Half-heartedly we approached The Bombardier, a British pub in the Latin Quarter. I’m not a fan of going abroad to find England, but this was different. This was a mission. So, we asked if they would put the c-word on. They wouldn’t. Thank cunt for that. Day three was going to be even worse than Day two. Australia tonked the ball all over the Gabba to set England an impossible target.
So, how to face the inevitable on Day four? Naturally we thought of the trenches 100 miles or so to our north. Could we face the barrage with the courage of those brave Tommies who went over the top to certain death? No, was both the short and long answer.
But to cheer ourselves up from the endless misery of our Ashes battering, we decided to visit the mass graves and WW1 battlefields. Spider wanted to find the last resting place of the Oldham Pals, the legendary trench diggers from his hometown. Of the 170,000 British dead or wounded in the first 13 days of the Somme Offensive, none were from the Oldham Pals. That meant they were either bulletproof or standing at the back. Either way, they were Spider’s heroes.
Raider hoped to find the final resting place of his Mad Uncle Cyril, who left the family mustard fortune to a French prostitute named Fifi.
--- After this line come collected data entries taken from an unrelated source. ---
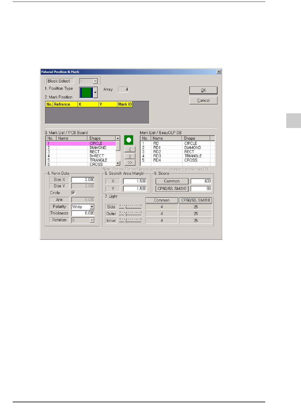 选择Tool > DB Fiducial Mark List菜单时,将弹出基准标志编辑对话框。在基准标志
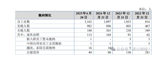 社保公积金应缴未缴问题也是新恒泰经营行为合法性的一大瑕疵。2022-2025年6月末,公司缴纳社会保险的比例分别为83.95%、89.84%、89.88%和 89.85%,缴纳住房公积金的比例分别为57.23%、77.73%、81.68%和 84.51%。未缴原因包括退休返聘、新入职未及时办理、员工自愿放弃等。虽然公司声称社会保险及住房公积金补缴对发行人利润及经营的影响较小,不会致使发行人不满足本次发行上市条件,但这种未依法足额缴纳社保公积金的行为仍然违反了相关法律法规,存在被处罚或引发纠纷的风险。
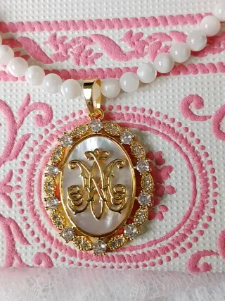 Collar y medalla Avemaría nácar y oro
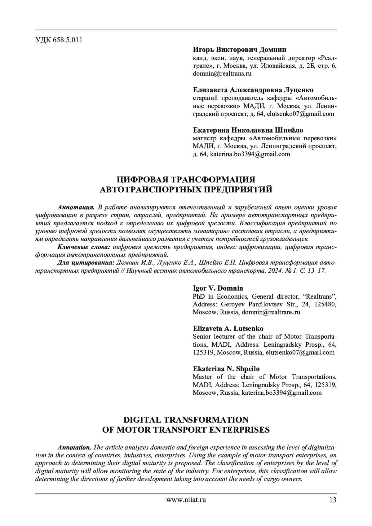 ДОМНИН И. В., ЛУЦЕНКО Е. А., ШПЕЙЛО Е. Н. ЦИФРОВАЯ ТРАНСФОРМАЦИЯ АВТОТРАНСПОРТНЫХ ПРЕДПРИЯТИЙ // НАУЧНЫЙ ВЕСТНИК АВТОМОБИЛЬНОГО ТРАНСПОРТА. 2024. № 1
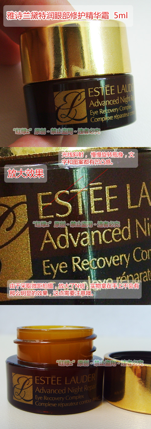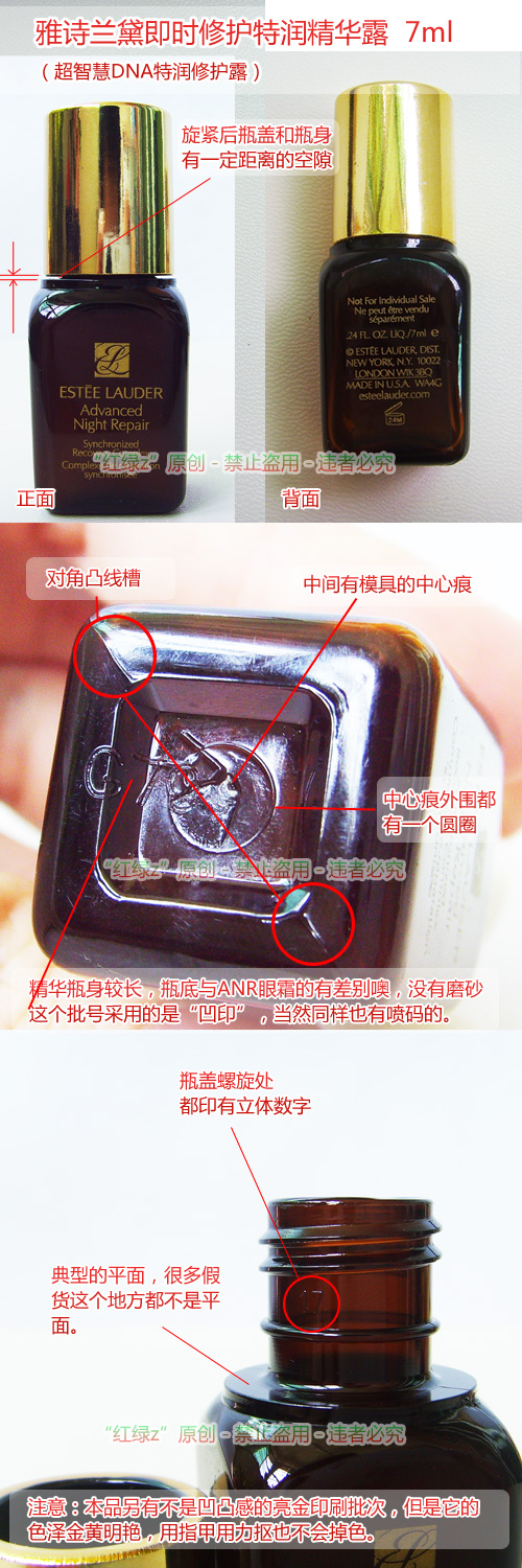 最后再补充一下:正品雅诗兰黛小样采用金色的印刷文字,颜色基本上都是采取暗金色的,只有在强光下和放大才显得明黄。采用金色瓶盖的小样,在自然光照射下,其色泽金黄饱满,拍摄后增加一下亮度和对比度,效果更加明显,这些特征都是假货难以达到的。
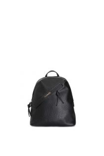 soft eco-leather backpack with front pocket and knotted zip puller black
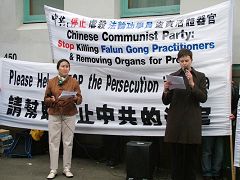集会过程中,很多过往民众驻足观看、倾听;了解真相后的很多民众签名支持真相调查团(CIPFG)赴大陆调查活摘法轮功学员事件的真相。
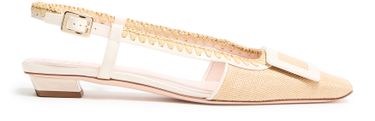 : tissu, empiècements : cuir verni, raphia, semelle : cuir
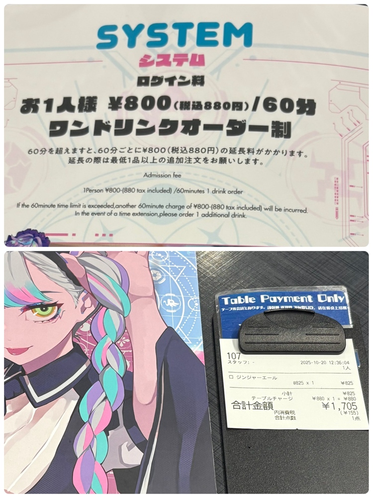 1時間滞在、ソフトドリンク飲んで1705円(税込)でした
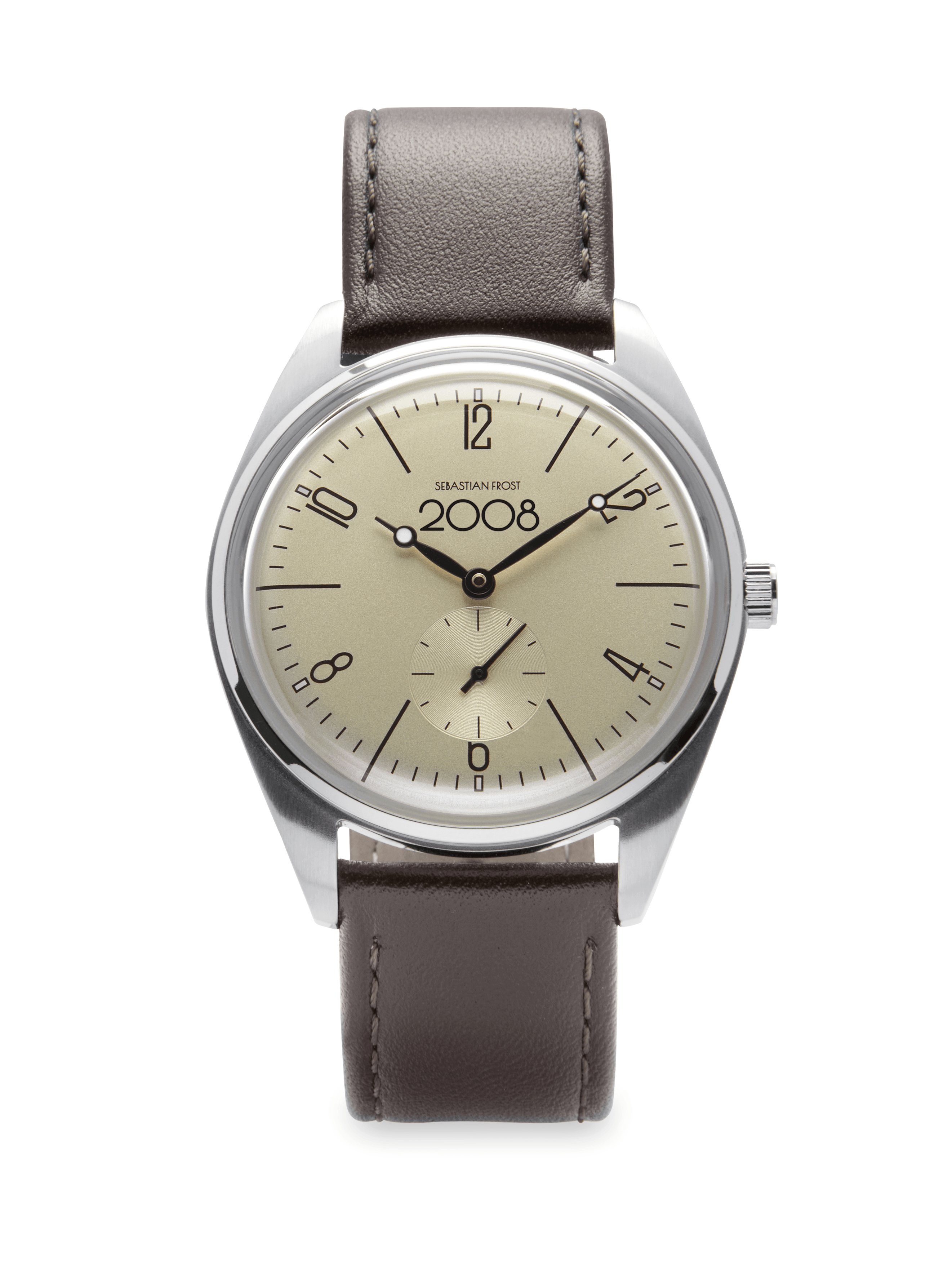 A vintage-inspired unisex watch with stainless steel casing, slightly rounded glass, a dark brown leather strap and the year number 2008 on the dial. To celebrate birthdays, graduations, wedding days and everything in between.
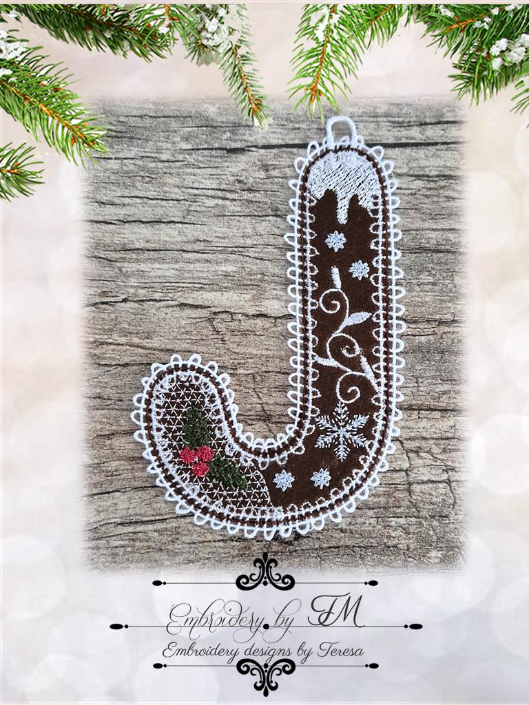 J gingerbread alphabet/5x7 hoop/combination of felt and lace
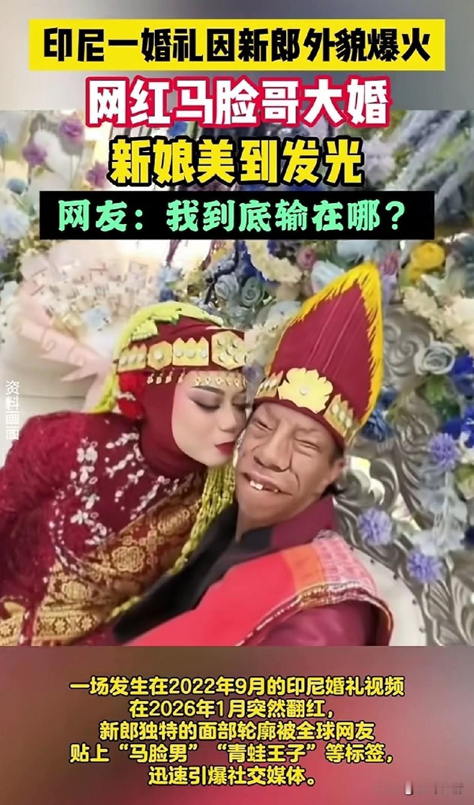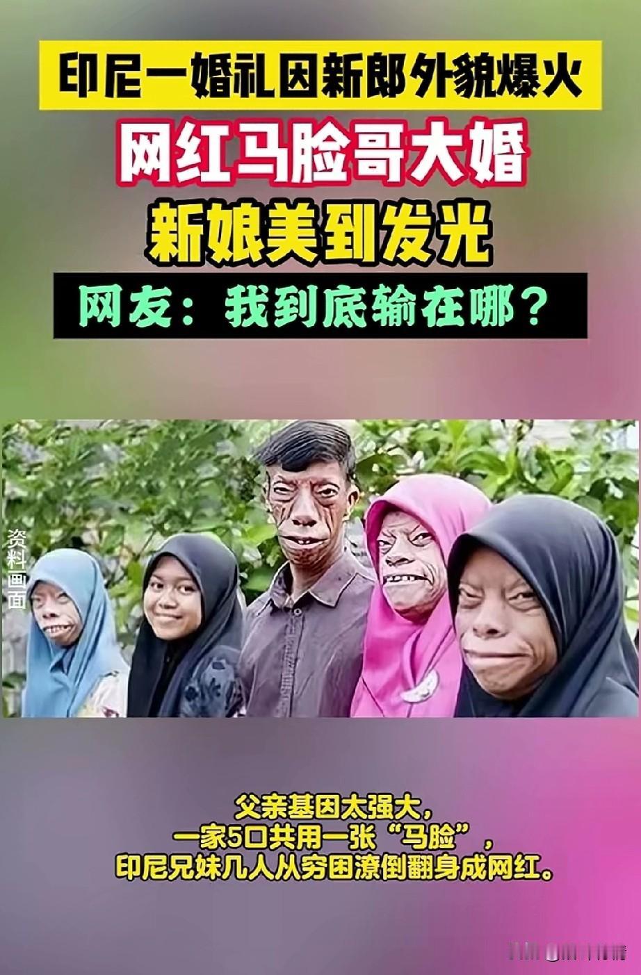 印尼的一场婚礼再次翻红, 原来是印尼的马脸哥, 他因为独特的面部结构, 被全球网友贴上了马脸男、青蛙王子等标签,他身边的女子非常漂亮, 这样一个人能娶到这么漂亮的媳妇儿, 还真是一件奇事, 另外他们一家五口共用了马脸, 可以看出他父亲基因的强大, 本来他们家庭贫困, 但是如今他们凭借奇特的长相, 居然成为了炙手可热的网红, 他们这条赛道, 一般人是模仿不了的, 毕竟长得有特色也算是长处, 毕竟大家都喜欢看稀奇古怪的, 如今他们一家五口活的相当滋润, 每天就是分享自己的生活, 轻轻松松钱就到账, 而且他们的粉丝是全球性的, 活脱脱一个全球网红, 对于马脸哥娶的漂亮媳妇儿, 很多网友纷纷非常羡慕, 他们不明白自己差在哪? 找个女朋友都费劲, 不像人家长成这样还能娶漂亮的媳妇儿,大家觉得马脸哥的媳妇儿和他是真爱吗? 印尼马脸 马脸男 印尼网红脸 马脸先生 印尼服婚纱照
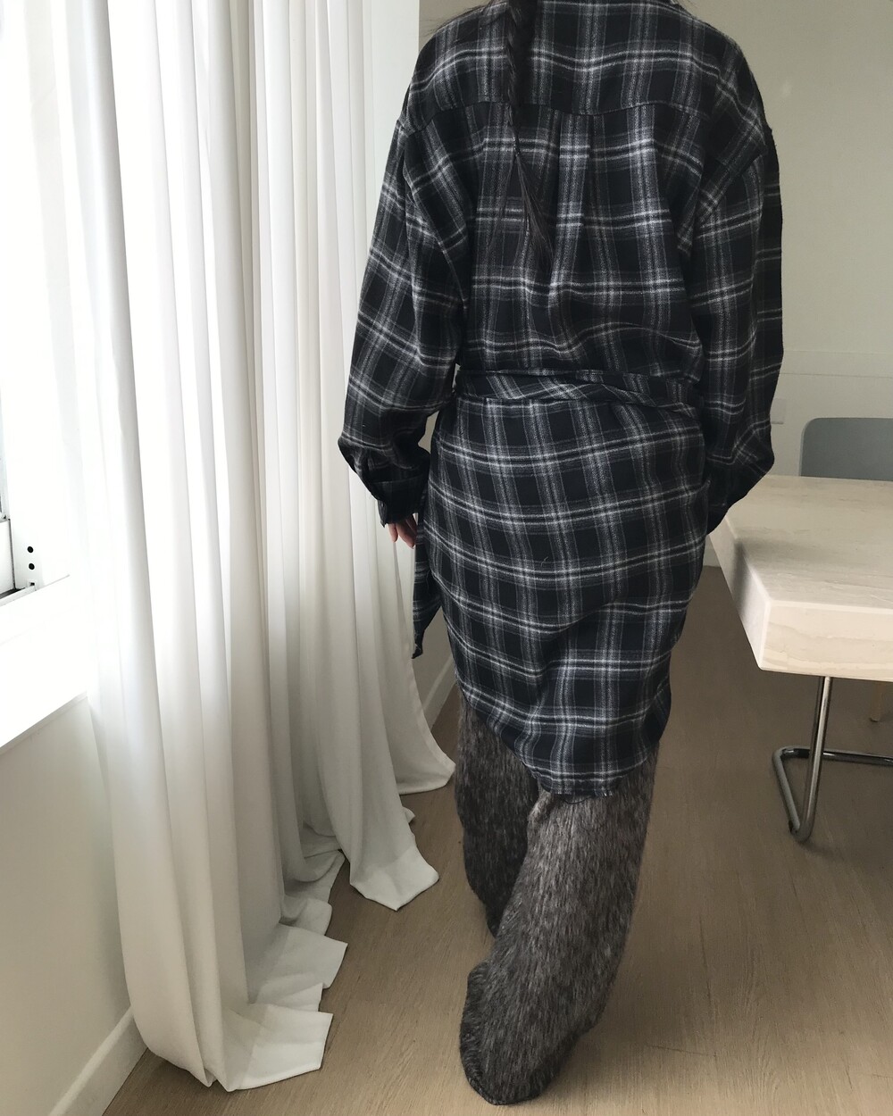 -롱한 기장감으로 원피스처럼 또는 롱 셔츠로 활용 가능
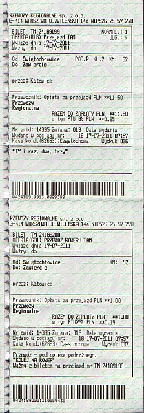 Niestety z powodu braku aparatu fotograficznego nie mam żadnej dokumentacji foto. Zamieszam tylko skany biletów i mapy z zaznaczoną trasą.
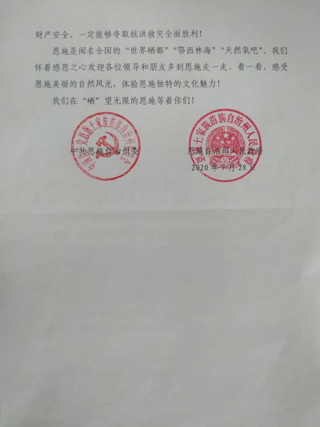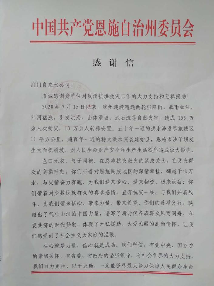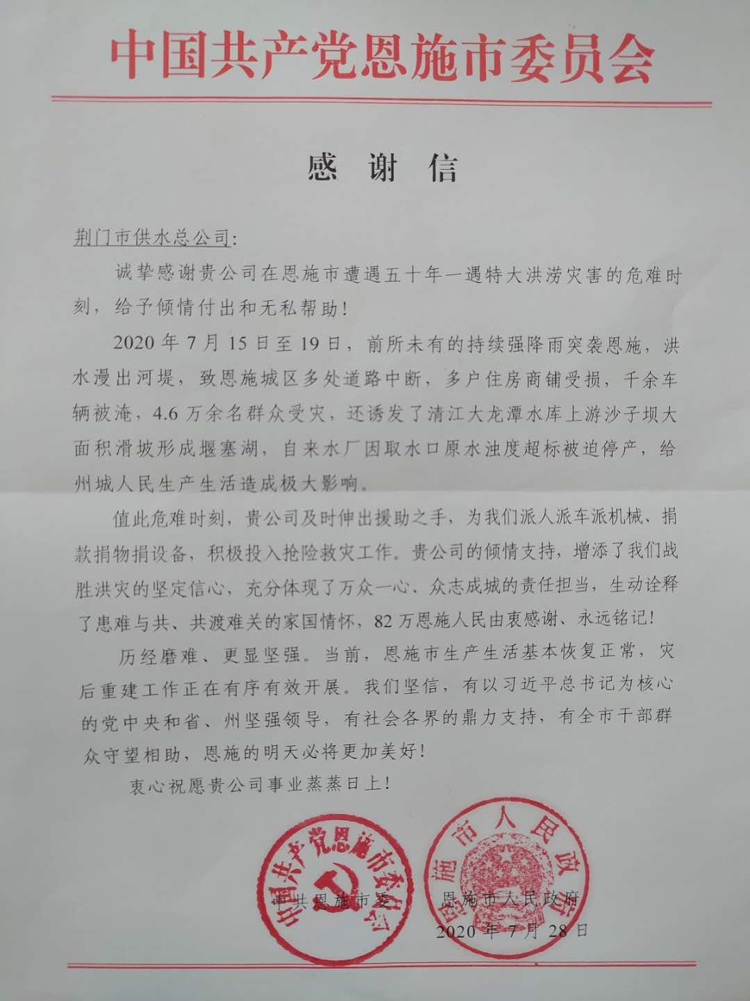 近日,恩施州委、州政府和恩施市委、市政府分別向市供水總公司發(fā)來感謝信,對(duì)該公司在恩施遭遇五十年一遇特大洪澇災(zāi)害的危難時(shí)刻給予傾情付出和無私幫助表示感謝。
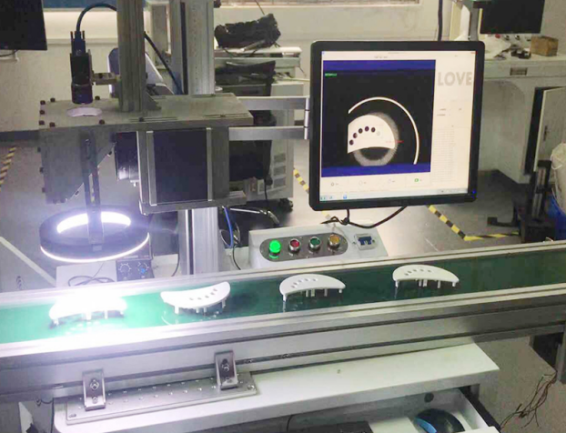 并且所加工的产品外形不限于圆形、方形、非规则形状都能够识别,所以这种工艺特别适合小产品,可免除定位料盘、固定夹具的加工,大大节省了激光打标加工周期。
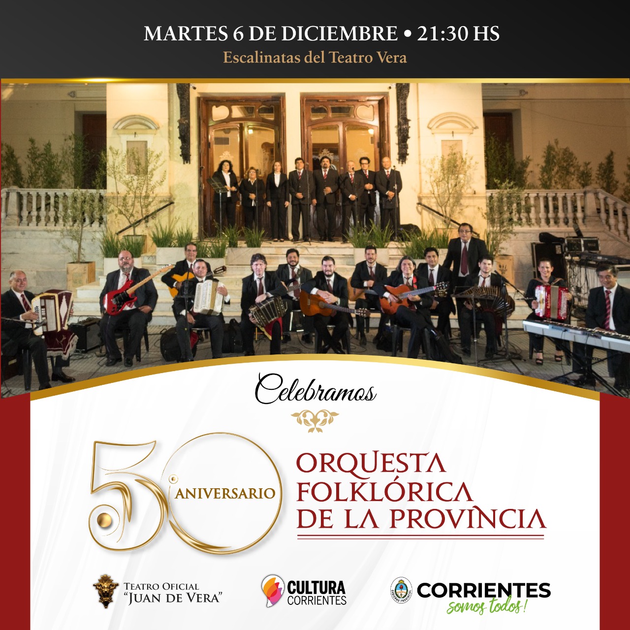 El Gobierno de Corrientes a través del Instituto de Cultura, junto al pueblo correntino, rendirá tributo a la Orquesta Folclórica de la Provincia, por cumplirse 50 años de su creación. Este acto de reconocimiento se hará el martes 6 de diciembre, desde las 21, en las escalinatas del Teatro Vera.
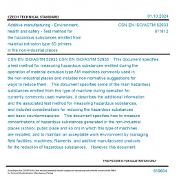>CSN Standards>01 GENERAL CLASS>0118 >CSN EN ISO/ASTM 52933 - Additive manufacturing - Environment, health and safety - Test method for the hazardous substances emitted from material extrusion type 3D printers in the non-industrial places
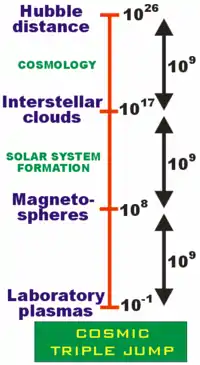آلفون پیشنهاد کرد برای برونیابی نتایج تجارب آزمایشگاهی و مشاهدات فیزیک فضا با بزرگ کردن معیار آنها و مرتبه بزرگی تا بزرگترین اشیاء قابل مشاهده در دنیا استفاده کرد. (تصویر[1]).
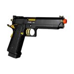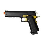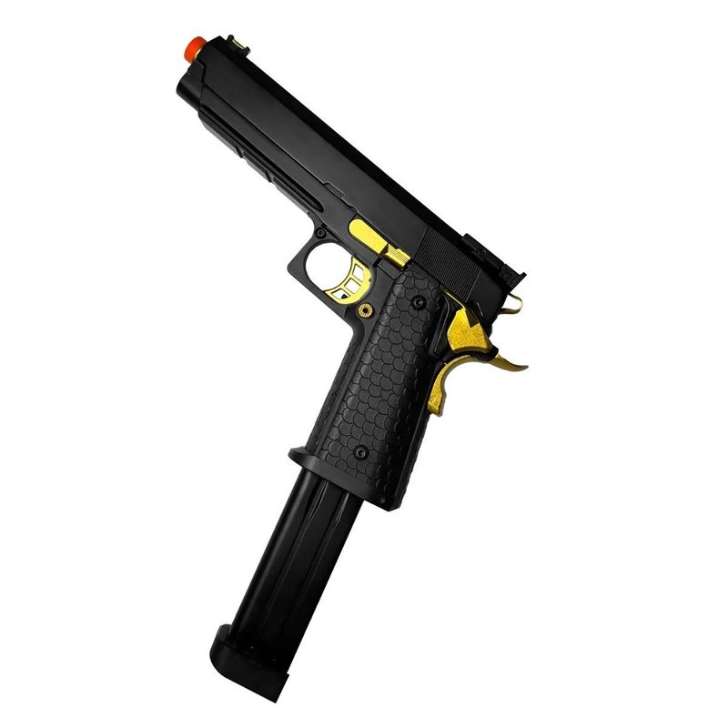 A Pistola Airsoft Double Bell 1911 Hi-Capa 79A é uma réplica premium desenvolvida para jogadores e colecionadores que buscam realismo máximo, desempenho confiável e acabamento diferenciado. Inspirada na consagrada plataforma 1911 Hi-Capa, este modelo se destaca pelo visual preto com detalhes dourados, aliado à construção Full Metal, garantindo robustez, durabilidade e excelente sensação no manuseio.

After a nip from the hip flask, we managed to reach the German lines without any great difficulty, which we attributed to Raider’s previous trench fighting experience as an extra in Paul McCartney’s Pipes of Peace video. He doesn’t like to talk about what happened out there and still shudders at the mention of ‘on-site catering’.
Underneath Arras lie miles and miles of tunnels dug by the British and her friends; a cave city that hid 25,000 troops right under the noses of the Jerries, who were using the beautiful town for target practice, a bit like Mitchell Johnson with our batsmen’s heads. There, among the poignant memorials to lost friends scratched into the walls was something to cheer us even now. One of our brave boys had drawn a woolly mammoth. A gag among the horror that would make people smile long after his flesh had become France.

That night, as we watched the fourth and final day of the First Test massacre in our hotel room at Arras, we spared a thought for the dreadful, senseless waste of young talent. Not forgetting the silent dead of war either.

A version of this article was published by Sabotage Times in December, 2013.